Size: ~90,000 rows × 19 selected features (the original dataset had more columns but I kept what was most relevant).

Time Range: 2020–2026.

Target Variable: salary_usd (continuous — used for regression) / Salary Tier: Low / Medium / High (used for classification).

Selected Features

Feature	Type	Description
salary_usd	Numeric (Target)	Annual salary in USD
experience_level	Categorical	Entry / Mid / Senior / Lead
experience_years	Numeric	Years of professional experience
education_required	Categorical	Minimum education level for the role
weekly_hours	Numeric	Average weekly working hours
promotion_speed	Numeric	Average months between promotions
bonus_usd	Numeric	Annual bonus in USD
job_role	Categorical	Job title (e.g., ML Engineer, Data Analyst)
ai_specialization	Categorical	Sub-field within AI/Data (e.g., NLP, Computer Vision)
work_mode	Categorical	Remote / Hybrid / Onsite
industry	Categorical	Business sector
company_size	Categorical	Small / Medium / Large / etc.
company_rating	Numeric	Employee rating of the company
hiring_difficulty_score	Numeric	How hard it is to fill the role
layoff_risk	Numeric	Estimated layoff risk score
employee_satisfaction	Numeric	Employee satisfaction score
country	Categorical	Country of employment (12 countries)
tax_rate_percent	Numeric	Local income tax rate
cost_of_living_index	Numeric	Local cost of living relative index

Categorical Feature Cardinality

Feature	Unique Values
experience_level	4 (entry, mid, senior, lead)
education_required	5
job_role	8 (top: NLP Engineer, Software Engineer AI, ...)
ai_specialization	8
work_mode	3 (remote, hybrid, onsite)
industry	10
company_size	5
country	12 (top: Canada, Australia, Singapore, ...)

Exploratory Data Analysis (EDA)

Data Cleaning

Before doing any analysis, I needed to make sure the data was clean and consistent. Here's what I did step by step.

Step 1 — Duplicate Removal

I checked for duplicate rows and removed any that existed. Turns out the dataset was already clean — zero duplicates were found.

Step 2 — String Standardization

All categorical columns were lowercased and stripped of extra whitespace. This is important because things like "Remote" and "remote" would be treated as different categories by the model, which would be wrong.

Step 3 — Salary Outlier Removal (IQR Method)

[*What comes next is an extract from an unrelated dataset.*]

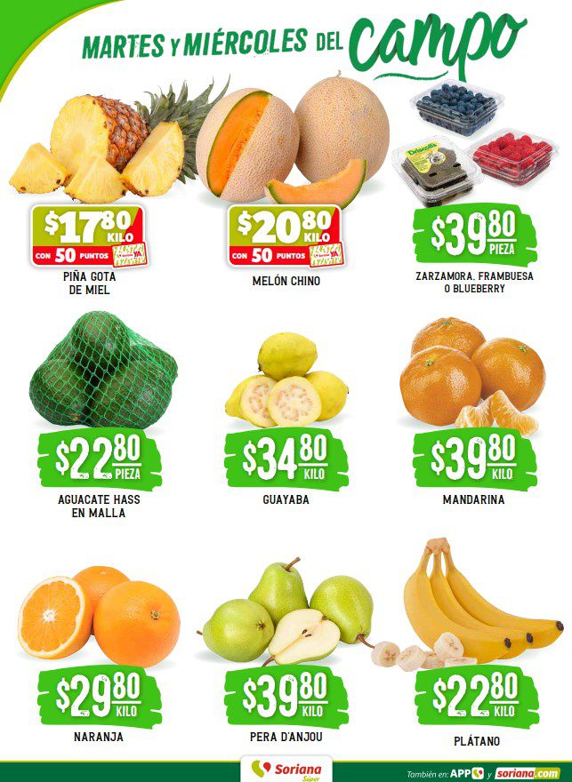 Ofertas del Folleto Soriana Súper frutas y verduras (Los precios pueden variar en cada tienda o por ciudad):

Extreme salary values were removed to make model training more stable. I used the standard IQR method: anything below Q1 − 1.5×IQR or above Q3 + 1.5×IQR was considered an outlier and removed. In total, 1,007 salary outliers were removed, leaving 88,993 clean rows.

Step 4 — Logical Consistency Checks

I also filtered out any rows where experience years were negative or weekly hours were zero — those would clearly be data entry errors.

Descriptive Statistics

After cleaning, here are the key numerical statistics for the dataset:

Metric	Value
Mean Salary	$95,013.69
Median Salary	$86,928.00
Mean–Median Gap	$8,086 (small → balanced distribution)
Avg. Experience Years	6.9 years
75th Percentile Experience	≤ 11 years
Avg. Weekly Hours	45.5 hrs/week
Avg. Promotion Speed	~38 months (3.2 years)
Cost of Living Index Range	0.5 – 2.5 (high global diversity)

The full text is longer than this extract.